• About this task: Only the lines from the one that contains "Produk ini memiliki" through the last line of the data below should be duplicated, exactly and without pictures.

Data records
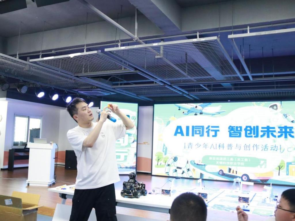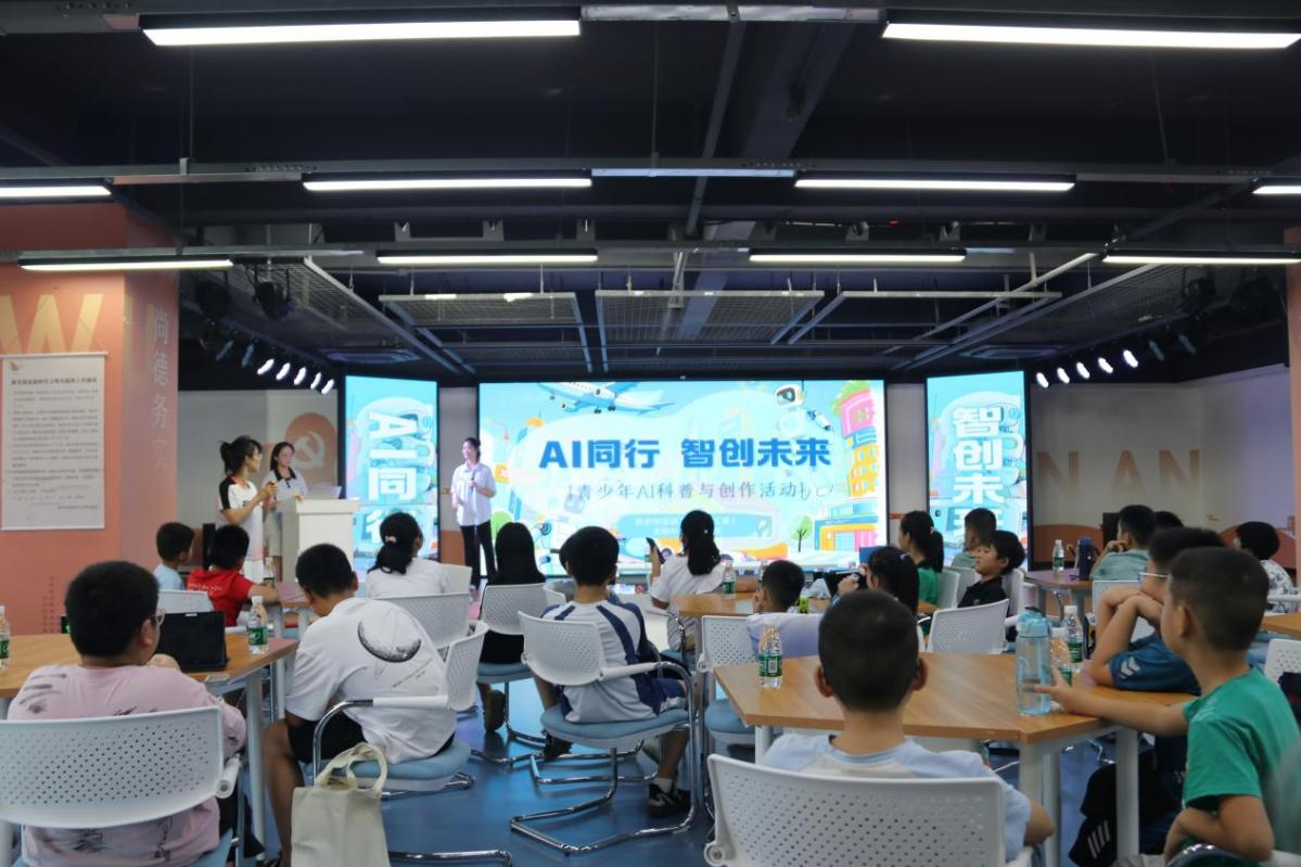蝉鸣盛夏,科技筑梦。7月,一场以“AI同行 智创未来”为主题的青少年暑期科普活动在无锡市新吴区新安街道火热展开。这已是我校物联网与人工智能学院党总支与新安街道党工委作为党建共建单位,连续第三年为辖区青少年精心烹制暑期“科技营养餐”。今年,60名满怀好奇与热情的青少年在人工智能与生成式AI的奇妙世界中,开启了一场启迪思维、畅想未来的科技启蒙之旅。
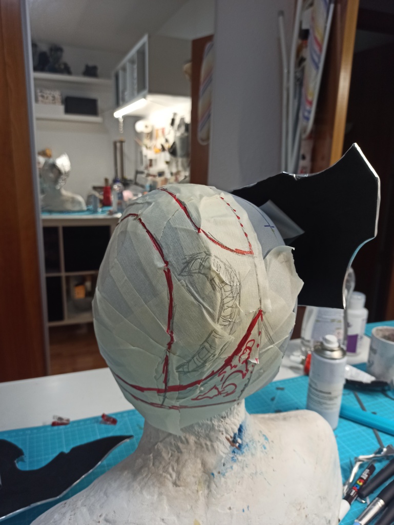 De igual manera hice los salientes laterales del casco, que fui dibujando aproximadamente en papel y coloqué sobre mi cabeza de escayola. Probando, probando, cambiando aquí y allí fui haciendo modificaciones a un trozo de cartulina hasta que me salieron como quería.
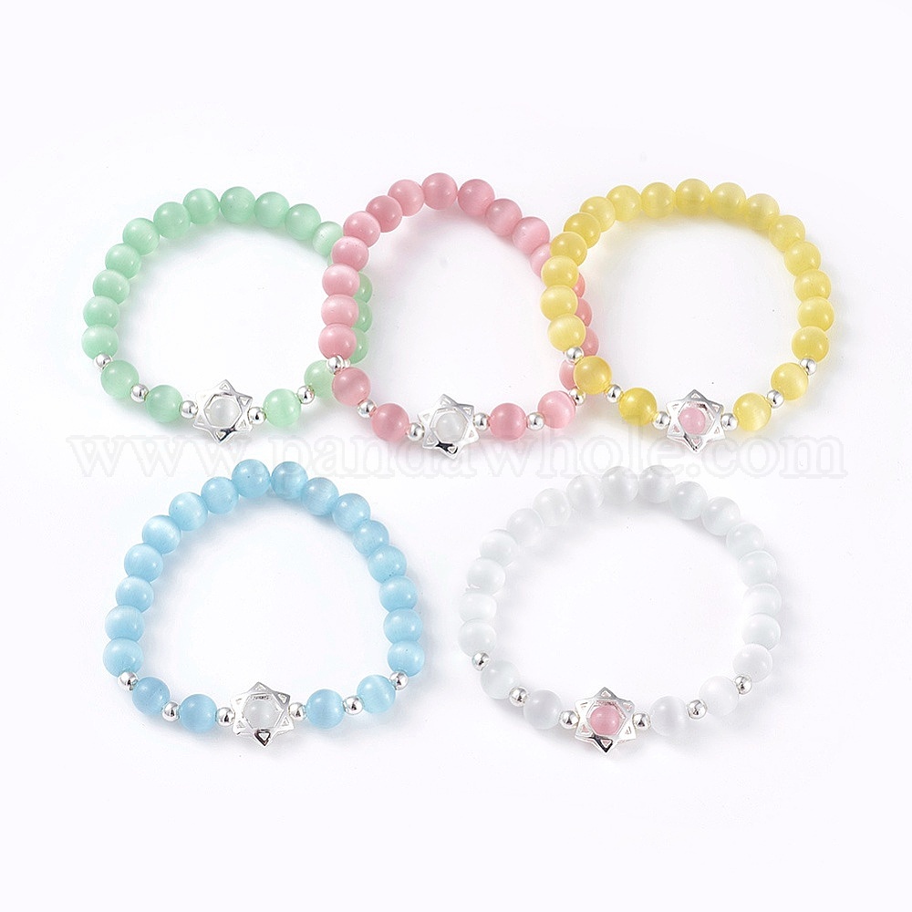 Кошачий глаз с круглыми бусинами, с фурнитурой из цинкового сплава, для евреев, звезда Давида
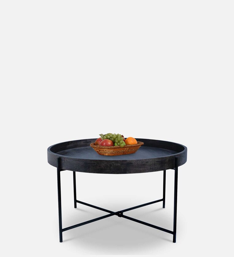 A sleek modern coffee table a contemporary look that makes attraction for any living room or bed room. Rustic grey wash wood finish with black powder coat finish sleek iron legs makes statement piece and gives luxurious look.
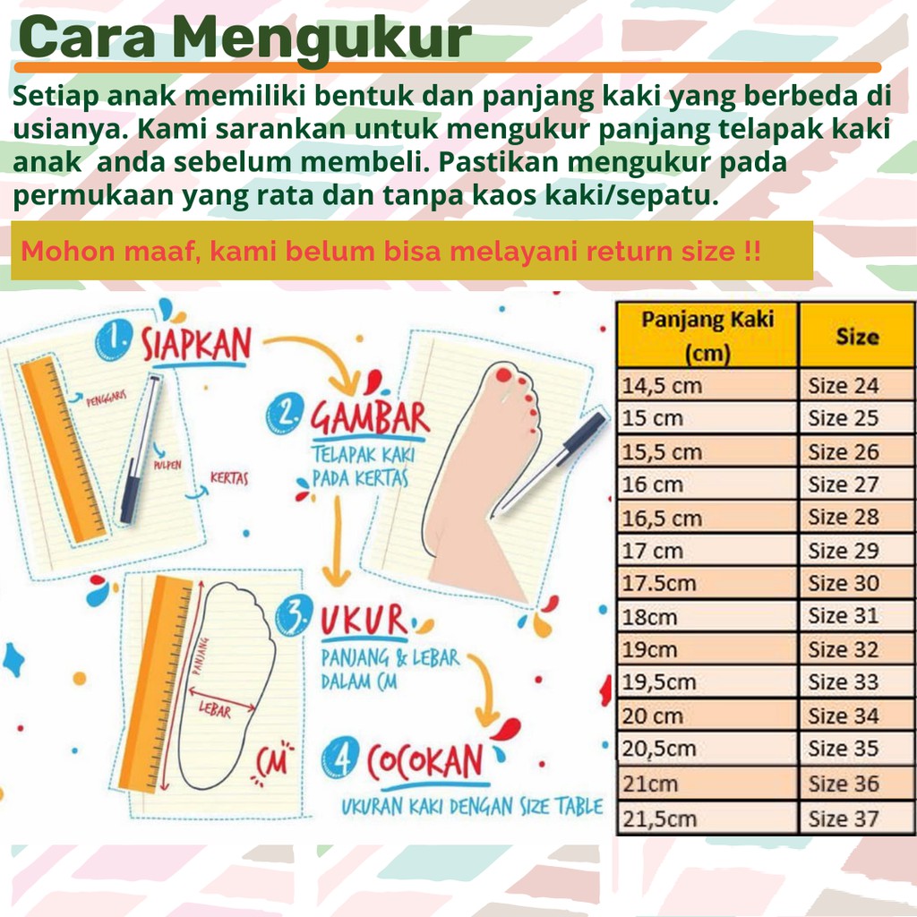 Produk ini memiliki 14 Variasi SIZE yaitu : 24,25,26,27,28,29,30,31,32,33,34,35,36,37,
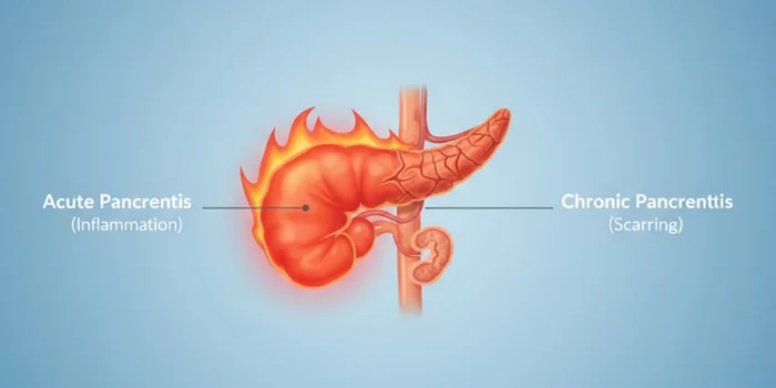 Pancreatitis is inflammation of the pancreas, an organ responsible for digestion and blood sugar control. Acute pancreatitis develops suddenly and may resolve with treatment, while chronic pancreatitis is long-term inflammation that can lead to permanent pancreatic damage and ongoing digestive problems.
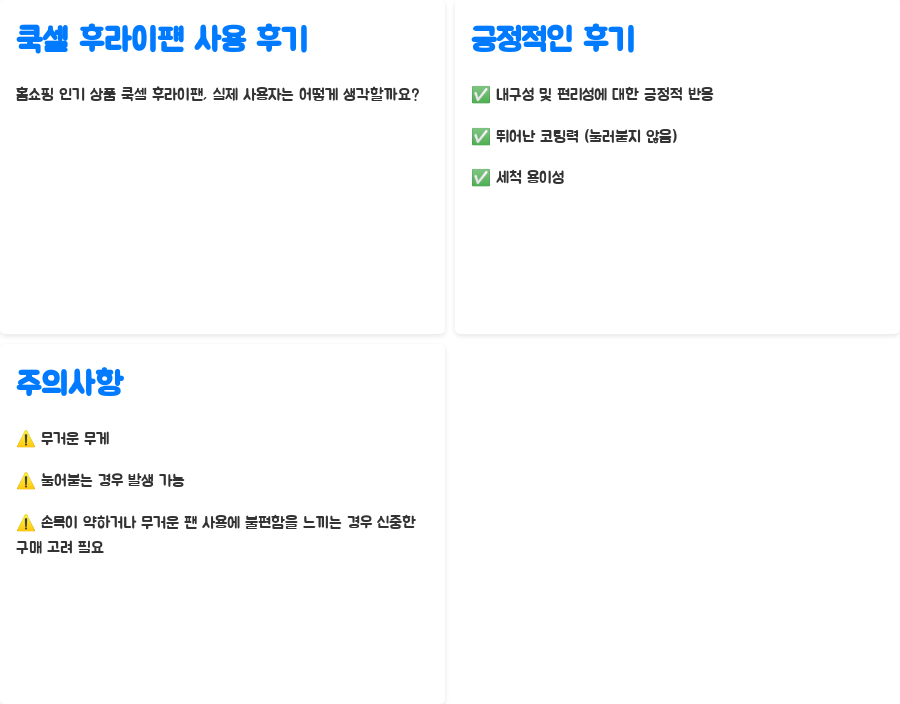 쿡셀 후라이팬은 홈쇼핑에서 큰 인기를 끌고 있지만, 실제 사용 후기는 어떨까요? 실제 구매자들은 제품의 내구성과 편리함에 대해 긍정적인 반응을 보이고 있습니다. 특히, 스테인리스 소재임에도 불구하고 눌러붙지 않는 뛰어난 코팅력과 세척의 용이성을 높이 평가하는 후기가 많습니다.
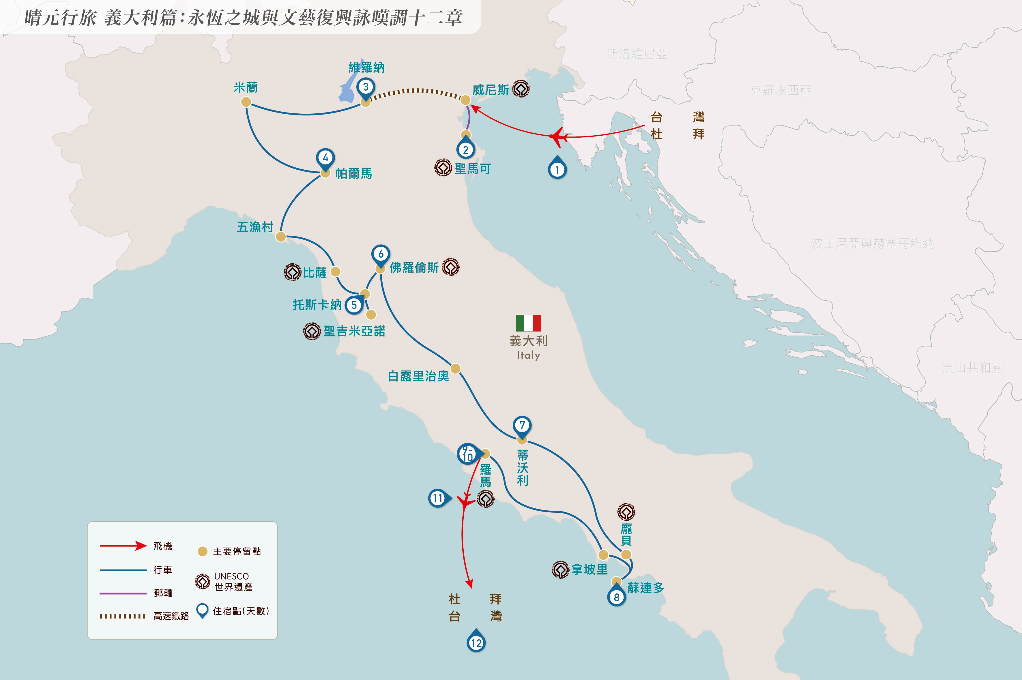 本行程採用阿聯酋航空北進南出航線,從威尼斯進、羅馬出,不走回頭路,大幅節省交通時間。回程安排搭乘晚班機,讓您在最後一天仍有充裕時間悠遊羅馬。此一規劃兼顧行程流暢與觀光品質,讓12天的旅程充分發揮最大旅遊效益,參訪景點更豐富、節奏更從容。
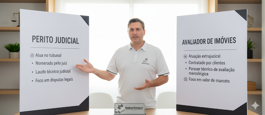 Diferente do perito judicial, o avaliador de imóveis pode atuar de forma privada, contratado por clientes, imobiliárias, construtoras ou bancos, sendo responsável por fornecer análises técnicas confiáveis, mas sem a necessidade de manter neutralidade judicial.

• Response below:
 Produk ini memiliki 14 Variasi SIZE yaitu : 24,25,26,27,28,29,30,31,32,33,34,35,36,37,
 Pancreatitis is inflammation of the pancreas, an organ responsible for digestion and blood sugar control. Acute pancreatitis develops suddenly and may resolve with treatment, while chronic pancreatitis is long-term inflammation that can lead to permanent pancreatic damage and ongoing digestive problems.
 쿡셀 후라이팬은 홈쇼핑에서 큰 인기를 끌고 있지만, 실제 사용 후기는 어떨까요? 실제 구매자들은 제품의 내구성과 편리함에 대해 긍정적인 반응을 보이고 있습니다. 특히, 스테인리스 소재임에도 불구하고 눌러붙지 않는 뛰어난 코팅력과 세척의 용이성을 높이 평가하는 후기가 많습니다.
 本行程採用阿聯酋航空北進南出航線,從威尼斯進、羅馬出,不走回頭路,大幅節省交通時間。回程安排搭乘晚班機,讓您在最後一天仍有充裕時間悠遊羅馬。此一規劃兼顧行程流暢與觀光品質,讓12天的旅程充分發揮最大旅遊效益,參訪景點更豐富、節奏更從容。
 Diferente do perito judicial, o avaliador de imóveis pode atuar de forma privada, contratado por clientes, imobiliárias, construtoras ou bancos, sendo responsável por fornecer análises técnicas confiáveis, mas sem a necessidade de manter neutralidade judicial.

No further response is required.